1. a kind of Mach of increasing Dare interferometer, which is characterized in that include at least：First long-period fiber grating, the second long period Fiber grating；It connects between first long-period fiber grating and the second long-period fiber grating a cascaded optical fiber；The grade Join two-arm of the sandwich layer of optical fiber with covering respectively as interferometer, grows one layer of sensitive layer on the cascaded optical fiber covering.

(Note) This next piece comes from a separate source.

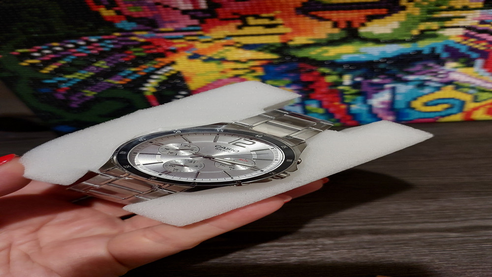 Заказывали в подарок коллеге. Красивые и солидные часы, не тяжёлые. Пришли в защитной плёнке на циферблат и ремешке.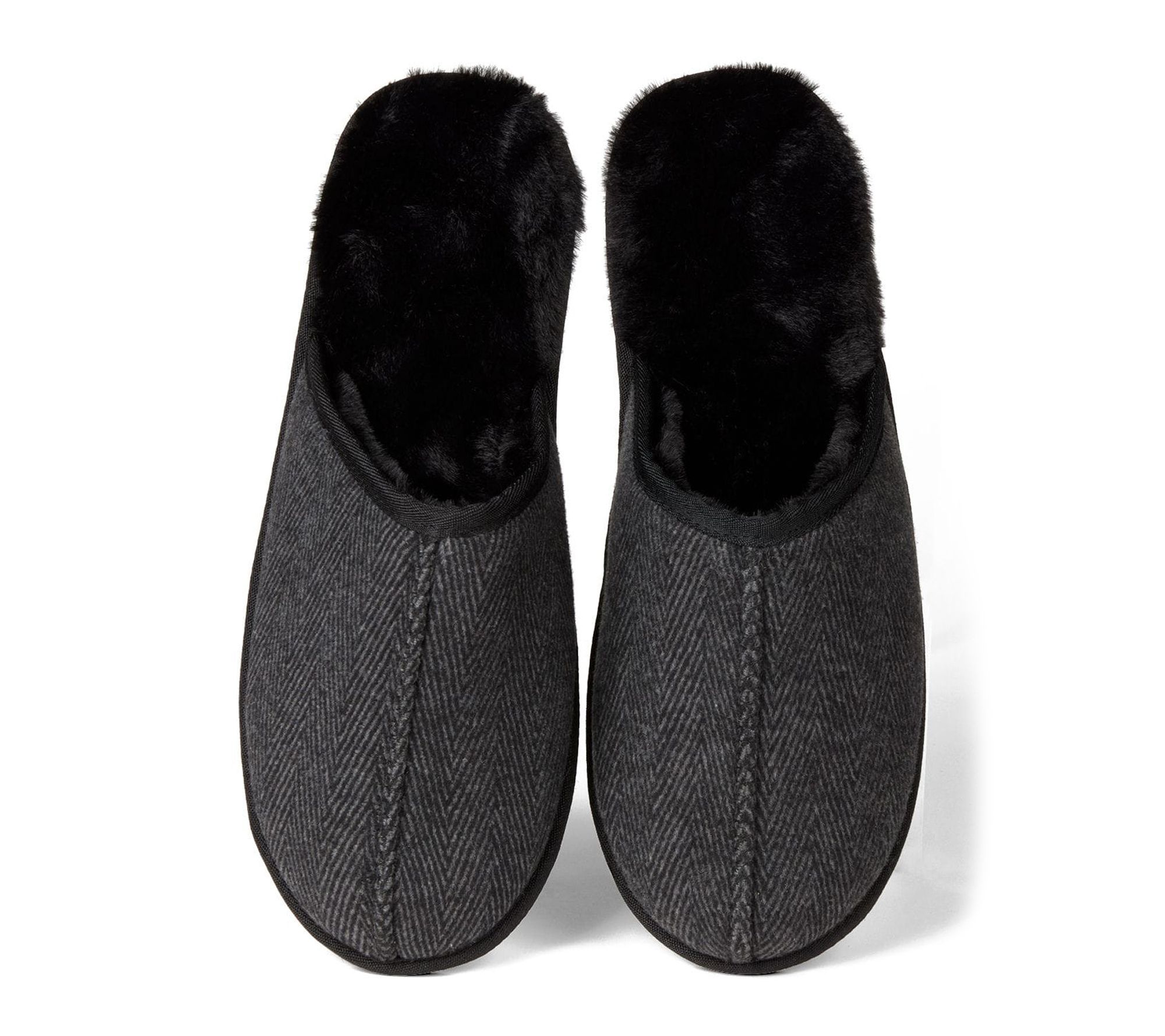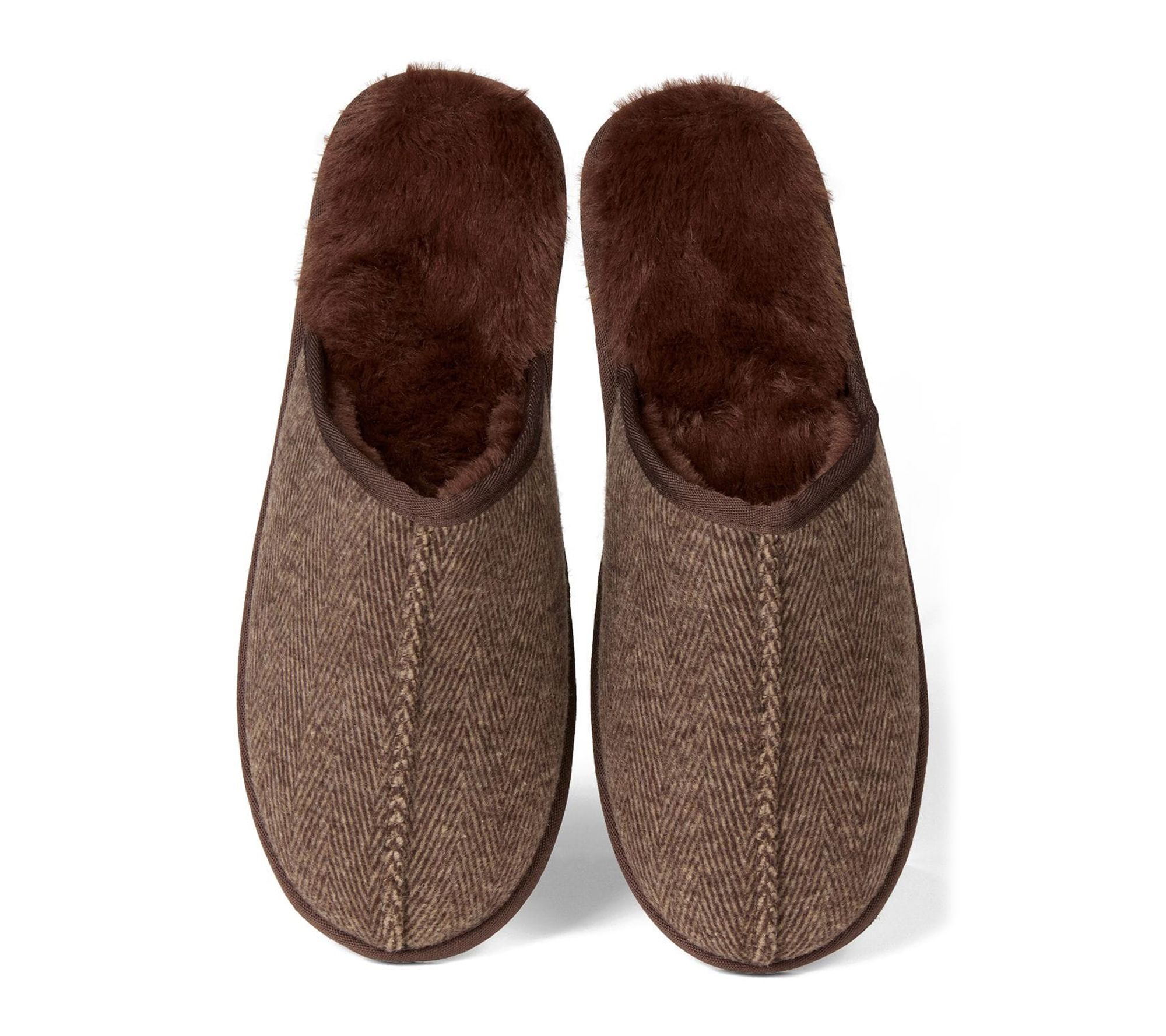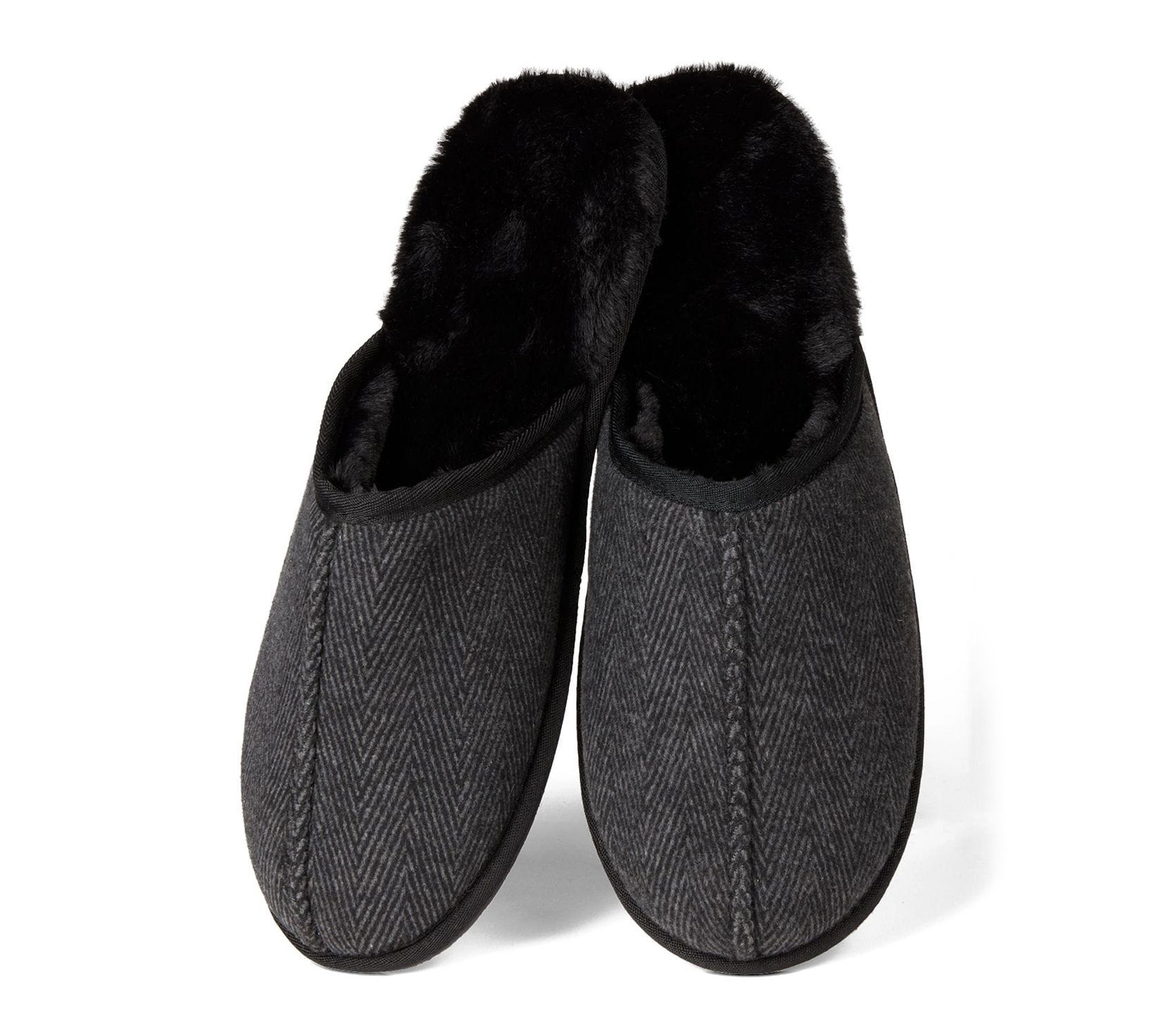 Memoi Men's Plush-Lined Herringbone Tweed ScuffSlipper

2. a kind of Mach of increasing Dare interferometer according to claim 1, which is characterized in that the sensitive layer is one layer porous The metal-organic framework material of ZIF-8.

3. a kind of gas based on metal-organic framework material identifies fibre optical sensor, which is characterized in that including such as claim 2 The Mach increases Dare interferometer.

4. a kind of organic gas detection method, which is characterized in that including：

Coupling of the sandwich layer mould to cladding mode occurs at the first long-period gratings for the sandwich layer light in optical fiber, forms sandwich layer mould and covering The transmission respectively of mould；

Cascaded optical fiber sensitive layer adsorbs organic gas to be detected so that cladding mode refraction index changing；

In second long-period gratings, the optical coupling of cladding mode returns to sandwich layer to interfere, and obtains interference spectrum；

According to the correspondence between interference spectrum and gas with various, the organic gas to be detected is identified.

5. a kind of organic gas detection method according to claim 4, which is characterized in that the interference spectrum and different gas Correspondence between body establishes process：

Coupling of the sandwich layer mould to cladding mode occurs at the first long-period gratings for the sandwich layer light in optical fiber, forms sandwich layer mould and covering The transmission respectively of mould；

Cascaded optical fiber sensitive layer adsorbs known gas so that cladding mode refraction index changing；

In second long-period gratings, the optical coupling of cladding mode returns to sandwich layer to interfere, and obtains interference spectrum；

The correspondence between the known gas is established according to several interference spectrums.